Pour citer un dernier exemple, épinglons La Ligue des Familles qui gauchise toujours plus son discours depuis quelques années et son changement de direction. La Ligue a vécu ces dernières années une hémorragie de ses membres et a dû organiser un plan social pour se séparer d’une partie de ses collaborateurs. Pourquoi se porte-t-elle si mal ? Elle reste utile pour les conseils de tous les jours, mais ne défend plus bien un nombre extrêmement important de familles dans des dossiers majeurs. On pense par exemple au soutien de la Ligue au Pacte d’Excellence fortement critiqué tant par les parents, que les professeurs ou directions d’école. Dans le dossier des allocations familiales, elle oublie toute une série de familles. Celles qui décideront d’avoir trois enfants après la réforme et qui seront perdantes par rapport au régime actuel ou celles qui ont par exemple deux enfant aujourd’hui et le troisième après la réforme. La Ligue a changé quatre fois d’avis en 6 ans sur cette question et ouvre une boîte de pandore alors qu'aucune forte demande sociale n’a été enregistrée par rapport au régime en place. Verrait-on un syndicat pousser une réforme qui léserait une partie importante de ces membres ?

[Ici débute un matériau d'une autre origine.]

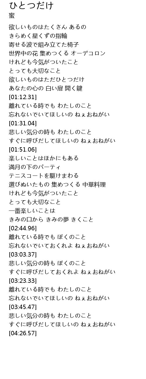 | [01:39.75] | すぐに呼びだしてほしいの ねぇおねがい |

La faute de la droite et du centre

La gauche culturelle a réussi à truster le débat d’idées et le financement d’ASBL en Belgique francophone depuis des années. Chapeau à elle. C’est aussi la faute de la droite et du centre de ne pas avoir investi suffisamment le débat culturel et le tissu associatif. Ceci dit, il est temps de remédier à ce déséquilibre, non pas pour imposer ses vues, mais pour enrichir le débat, la représentativité et finalement la démocratie. Un bon exemple d’enrichissement du débat est celui du monde étudiant où jusqu’il y a peu, la FEF monopolisait l’espace, avant que l’équipe de l’Unecof se mette en place pour apporter une autre vision de société du monde étudiant et ce avec succès.

Il est possible de vivre sans subsides. Un modèle inspirant et qui allie respect de la vie associative et conviction est celui de Greenpeace. Cette association est uniquement financée par des dons privés. L’association refuse tout don d’entreprise ou tout argent public. Pourtant tout le monde les connaît, ils font un travail de lobbyiste remarquable même si je ne partage pas toutes leurs positions. Ils peuvent être partisans, car ils n’ont de compte à rendre à personne à part à leurs membres et à leurs donateurs. Ils doivent donc être à l’écoute de leurs donateurs et relayer leurs préoccupations. Le modèle de Greenpeace est cependant très exigeant, sans soutien public, nombre d’ASBL mentionnées dans cette chronique fermeraient la porte du jour au lendemain. Une troisième voie possible à explorer serait alors un financement public plus transparent, qui veille aussi au pluralisme des idées et qui ne couvre plus 90% des besoins budgétaires. Les ASBL devant plus se financer via leurs membres et non via leurs contacts politiques. Cela permettrait de faire le tri dans toutes ces ASBL comptant peu de membres, mais beaucoup de subsides. La bonne gouvernance, la bonne gestion des avoirs publics et la défense du pluralisme des idées sont aussi à ce prix.